I am using HoughCircles to detect a ball in real-time, but running Canny on my gray-scale image stream isn't creating all of the edges as it should. To remedy that, I am splitting the rgb image into it's separate channels, performing Canny on each one, then using bitwise or to merge the edges together. This is working quite well, but if I feed that edge image to HoughCircles, it will perform Canny again on the edge image. Is there a way to prevent this, or to forgo the rgb split Canny detection that I am performing while still catching all of the edges?
2 Answers
Indeed! Canny is executed internally by HoughCircles and there's no way to call cv::HoughCircles()

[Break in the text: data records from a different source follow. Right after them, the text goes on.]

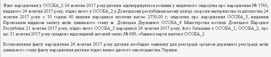 Еще пример – признание Красноармейским судом Донецкой области факта рождения ребенка в Донецке. Согласно решению суда, этот факт подтверждается свидетельством о рождении, которое выдал Кировский  отдел "Министерства юстиции Донецкой Народной Республики":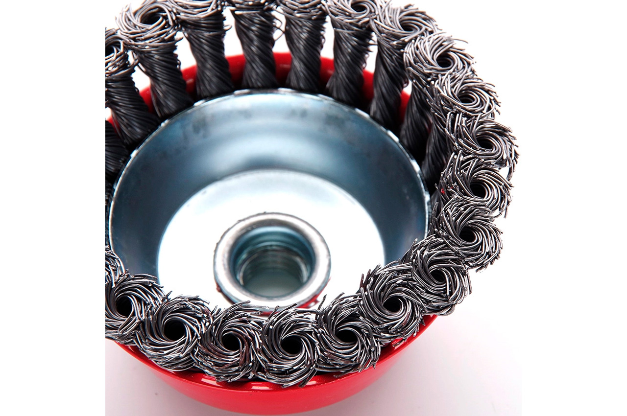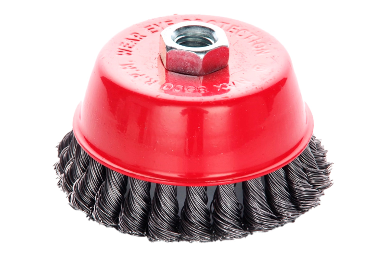 Щетка дисковая с плетеной проволокой. Предназначена для работ по дереву, бетону, металлу и лакокрасочным покрытиям.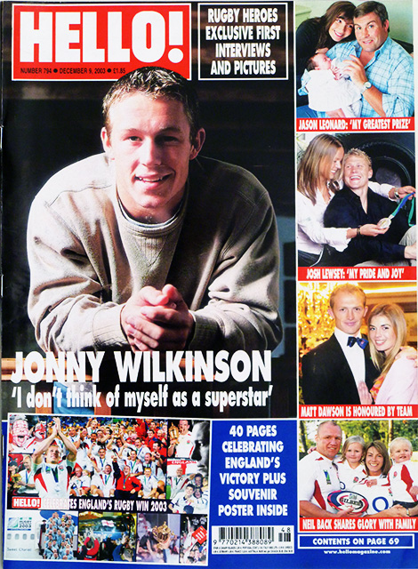 THE RUGBY WORLD CUP 2003 – 41 PAGES celebrating England’s heroes: JONNY WILKINSON, DIANA STEWART, MARTIN & KAY JOHNSON, CLIVE WOODWARD, NEIL & ALISON BACK, JOSH LEWSEY & TAMSYN LEACH, JASON LEONARD & SANDRA-JANE RODDHAM, MATT DAWSON & JOANNE SALLEY, KYRAN BRACKEN …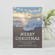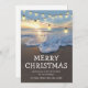Beach destination christmas cards featuring a coastal shoreline, a beautiful sunset, string lights, the saying 'merry christmas', a cute holiday message, and your names.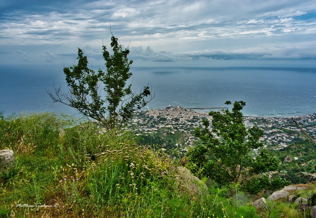 Ischia: Die grüne Insel im Golf von Neapel: Blick vom Hang des Epomeo (789 m ü. NHN) zum Meer an einem bewölkten und regnerischen Frühsommertag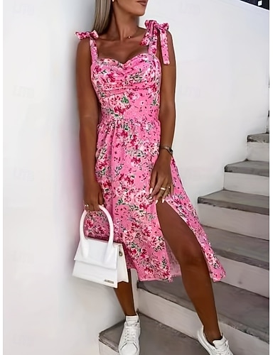 Femmes Robe Midi Robe Décontractée Robe Fleurie Robe Nuisette Élégant Mode Moderne Extérieur Vacances Sortir Coupe régulière Fleuri Sans manches Col en V Rose Claire Été Printemps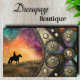 Transforme móveis e espaços comerciais com o nosso melhor papel de decoupage de joias ocidentais. Este elegante design apresenta conchos prateados ornamentados e uma silhueta de cavaleiro contra uma paisagem vibrante do pôr do sol. Este design cria um ponto focal elegante perfeito para fazendas, boutiques ocidentais ou espaços inspirados em equestres. COMBINAÇÕES DE COR: turquesa, magenta, prata, âmbar e pewter melhoram a beleza natural. RECURSOS design: embelezamentos metálicos, conchos florais e gradientes atmosféricos aprofundam seus projetos. PERFEITO PARA: salas de invasão, bares ocidentais, hotéis country, móveis de couro e bandejas decorativas. #DecoupageBoutique #SilverworkArt #WesternDecor #ConchoArt #RanchStyle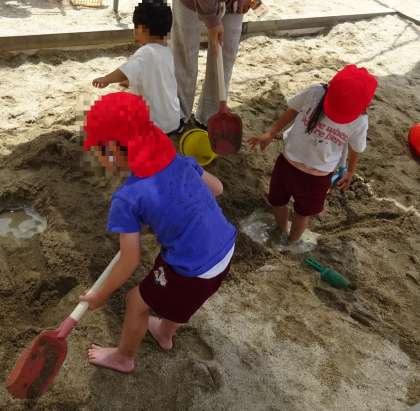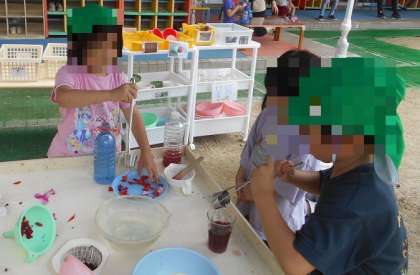 朝は少し雨でしたが、晴れ間が出てきたので、園庭でも好きな遊びをしました。色水遊びや泥んこ遊び、ボール遊びなど、自分の好きな遊びを見つけて楽しみました。色水遊びでは、いろいろな花やクワの実を使い、どんな色になるのか見比べる様子もありました。泥んこ遊びでは、水を流して道をつくったり、お山にトンネルをつくり、水を流してみるなど、自分なりに考えて遊ぶことを楽しんでいました。今の時期にしかできない遊びを、存分に楽しめるようにしていきたいと思います。

and prevent it from invoking Canny.
However, if you would like to stick with your current approach, one alternative is to copy the implementation of cv::HoughCircles()
available on OpenCV's source code and modify it to suit your needs. This will allow you to write your own version of cv::HoughCircles()
.
If you follow this path, it's important to realize that the C++ API of OpenCV is built upon the C API. That means that cv::HoughCircles()
is just a wrapper around cvHoughCircles()
, which is implemented at opencv-2.4.7/modules/imgproc/src/hough.cpp
after line 1006.
Take a look at this function (line 1006) and notice the call done to icvHoughCirclesGradient()
at line 1064. This is the function responsible for invoking cvCanny()
, which is done at line 817.
Another approach, if the ball is single-colored, could be implemented by using cv::inRange()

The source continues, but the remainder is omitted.